■ Your assignment ■
Output the data below exactly as it is, dropping the pictures from your copy.

------------------------

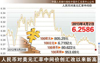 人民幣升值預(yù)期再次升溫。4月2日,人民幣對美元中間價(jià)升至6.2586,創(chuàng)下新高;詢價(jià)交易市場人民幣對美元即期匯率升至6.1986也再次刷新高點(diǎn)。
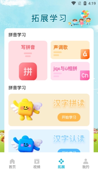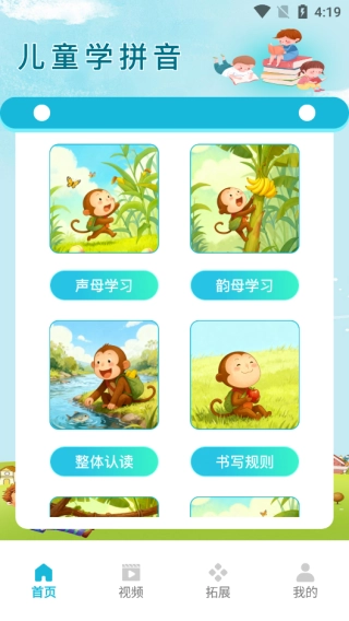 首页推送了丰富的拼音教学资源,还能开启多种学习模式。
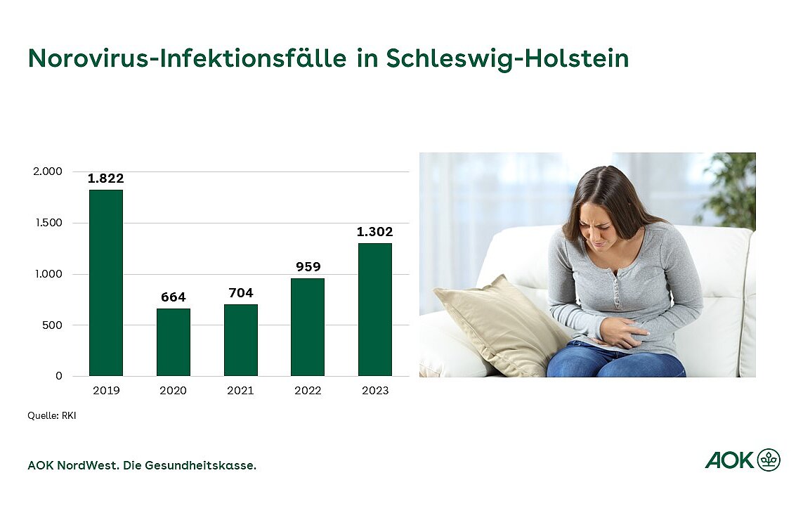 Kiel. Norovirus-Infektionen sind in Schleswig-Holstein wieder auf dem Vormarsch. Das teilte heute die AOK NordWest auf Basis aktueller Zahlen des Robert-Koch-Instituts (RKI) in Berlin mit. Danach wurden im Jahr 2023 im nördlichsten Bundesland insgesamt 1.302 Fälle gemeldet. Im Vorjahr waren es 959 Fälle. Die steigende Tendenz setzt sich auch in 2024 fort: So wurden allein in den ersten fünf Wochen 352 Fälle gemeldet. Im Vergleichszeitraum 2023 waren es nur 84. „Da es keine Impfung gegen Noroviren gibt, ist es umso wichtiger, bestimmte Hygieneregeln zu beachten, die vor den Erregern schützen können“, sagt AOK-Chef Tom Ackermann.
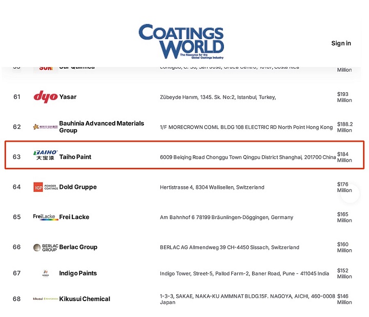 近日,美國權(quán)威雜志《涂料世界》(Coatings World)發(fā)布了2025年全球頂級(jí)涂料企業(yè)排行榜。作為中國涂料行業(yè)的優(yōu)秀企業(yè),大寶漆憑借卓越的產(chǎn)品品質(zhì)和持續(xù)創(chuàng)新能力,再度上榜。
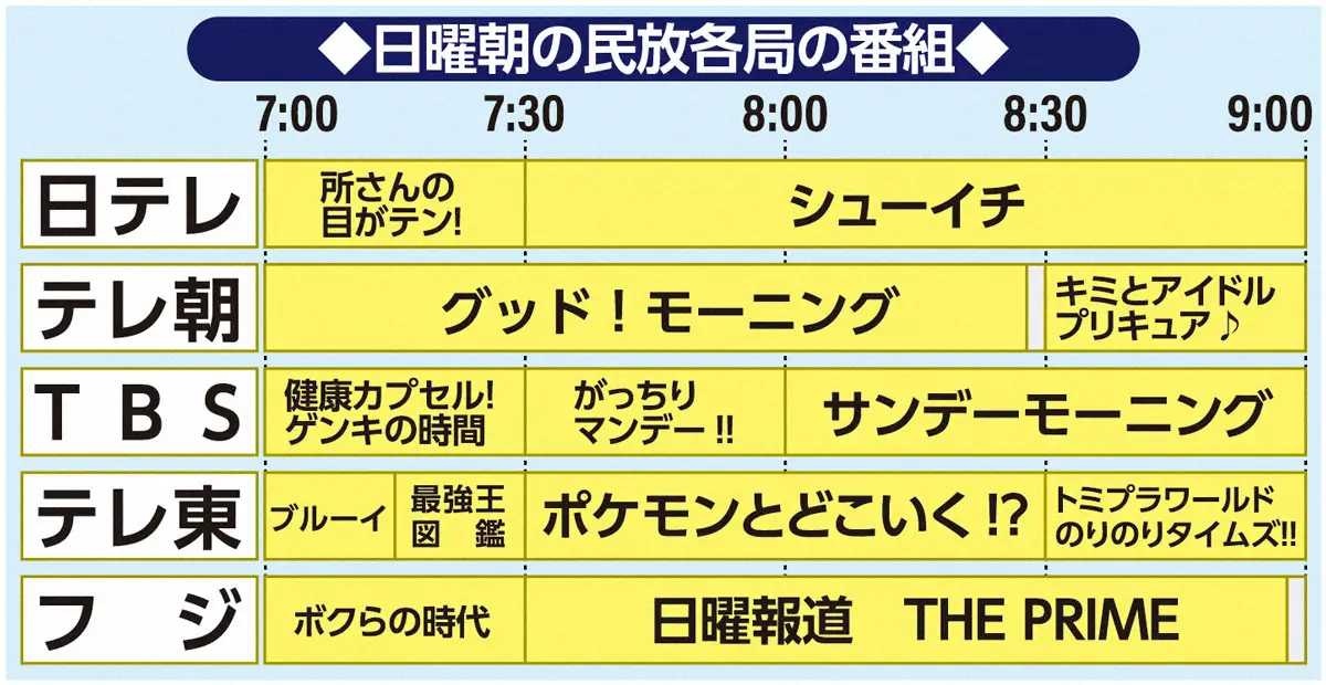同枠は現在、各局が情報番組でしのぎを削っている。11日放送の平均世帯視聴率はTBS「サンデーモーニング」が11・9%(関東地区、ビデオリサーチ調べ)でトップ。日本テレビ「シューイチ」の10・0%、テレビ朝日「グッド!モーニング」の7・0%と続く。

------------------------

■ Reply to the exercise ■
 人民幣升值預(yù)期再次升溫。4月2日,人民幣對美元中間價(jià)升至6.2586,創(chuàng)下新高;詢價(jià)交易市場人民幣對美元即期匯率升至6.1986也再次刷新高點(diǎn)。
 首页推送了丰富的拼音教学资源,还能开启多种学习模式。
 Kiel. Norovirus-Infektionen sind in Schleswig-Holstein wieder auf dem Vormarsch. Das teilte heute die AOK NordWest auf Basis aktueller Zahlen des Robert-Koch-Instituts (RKI) in Berlin mit. Danach wurden im Jahr 2023 im nördlichsten Bundesland insgesamt 1.302 Fälle gemeldet. Im Vorjahr waren es 959 Fälle. Die steigende Tendenz setzt sich auch in 2024 fort: So wurden allein in den ersten fünf Wochen 352 Fälle gemeldet. Im Vergleichszeitraum 2023 waren es nur 84. „Da es keine Impfung gegen Noroviren gibt, ist es umso wichtiger, bestimmte Hygieneregeln zu beachten, die vor den Erregern schützen können“, sagt AOK-Chef Tom Ackermann.
 近日,美國權(quán)威雜志《涂料世界》(Coatings World)發(fā)布了2025年全球頂級(jí)涂料企業(yè)排行榜。作為中國涂料行業(yè)的優(yōu)秀企業(yè),大寶漆憑借卓越的產(chǎn)品品質(zhì)和持續(xù)創(chuàng)新能力,再度上榜。
同枠は現在、各局が情報番組でしのぎを削っている。11日放送の平均世帯視聴率はTBS「サンデーモーニング」が11・9%(関東地区、ビデオリサーチ調べ)でトップ。日本テレビ「シューイチ」の10・0%、テレビ朝日「グッド!モーニング」の7・0%と続く。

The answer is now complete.